Le dispositif expérimental que nous avons utilisé (usage de deux cultivars développant, ou non,

des réponses symbiotiques avec A. lipoferum CRT1) nous a permis de montrer que la présence

d’A. lipoferum CRT1 sur les racines du maïs s’accompagne d’une baisse des teneurs de

nombreux composés énergétiques simples et ce, même en absence de toute réponse symbiotique

de la plante à la bactérie. Notre hypothèse est que ce phénomène est lié à la consommation

d’exsudats racinaires par les bactéries. Elle sera testée dans le chapitre 3 durant une analyse des

métabolomes et transcriptomes des feuilles et racines de ces deux variétés de maïs en présence

ou absence d’A. lipoferum CRT1.

Un des métabolites dont la teneur est spécifiquement modifiée dans la sève brute lors d’une

réponse symbiotique à A.lipoferum CRT1 est le glucose. Ce métabolite intervient au niveau de

différents processus physiologiques dans la plante. Il peut être utilisé en tant qu’élément

énergétique, de stockage du carbone, de formation de la paroi cellulaire, de molécule signale

pour la croissance (en interaction avec les voies de signalisation des phytohormones) ou de

répresseur de la photosynthèse en tant que produit terminal de cette dernière (Moore et al.

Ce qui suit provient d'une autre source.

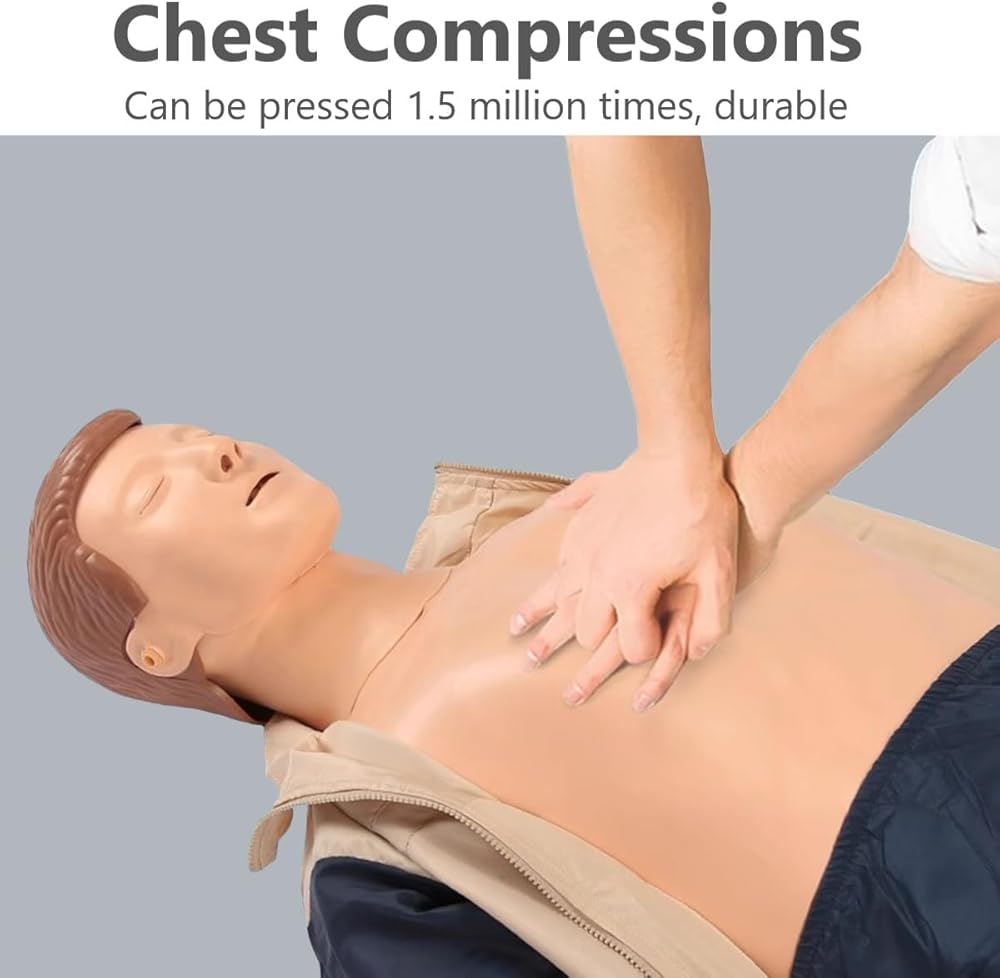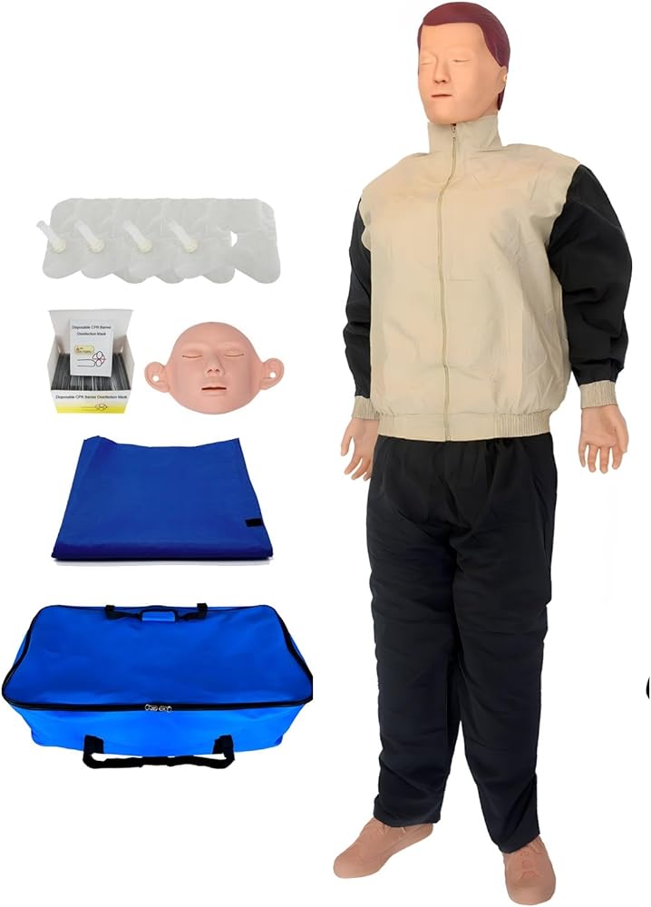 【المواد والوظيفة: جلد الوجه الدمي CPR وجلد الرقبة وجلد الصدر مصنوع من مادة مطاطية مختلطة من المطاط اللدن بالحرارة. تمتلئ الأرجل بمرونة عالية وإسفنجة عالية الكثافة. الضغط على الصدر (سوف يرتد الصدر تلقائيًا عند الضغط عليه)؛ النفخ الاصطناعي (الصدر الاصطناعي سيرتفع وينخفض تلقائيًا)؛ يمكن تدوير الرأس 180 درجة لليسار واليمين. يمكن الضغط على النموذج عالي الجودة بشكل متكرر لأكثر من 1.5 مليون مرة

2003a). Des approches mutant chez Arabidopsis ont pu montrer le rôle prédominant du glucose

en tant que signal d’induction de la morphogénèse précoce de la plantule (Arenas-Huertero et

al. 2000). Les signaux de réponses du glucose, médiés par des hexokinases nécessitent de même

une forte accumulation d’ABA chez la plantule à ce stade de croissance, une preuve que le

signal glucose et la signalisation par les phytohormones sont fortement liés. D’après nos

résultats, la concentration en glucose diminue uniquement dans la sève ascendante du cultivar

Seiddi inoculé avec la PGPR, en comparaison avec le contrôle et le cultivar FuturiXX qui ne

développent pas de réponse symbiotique à A. lipoferum CRT1. Rappelons que la réponse

symbiotique du maïs à A. lipoferum CRT1 se caractérise par une augmentation de croissance

racinaire et une meilleure efficacité de conversion photochimique. L’hypothèse probable est

donc que la diminution de la teneur en glucose observée dans la sève ascendante lèverait l’action

inhibitrice que cette molécule exerce sur la photosynthèse, un phénomène que nous avons

observé lors de nos mesures de rendement quantique de conversion photochimique (Fv/Fm).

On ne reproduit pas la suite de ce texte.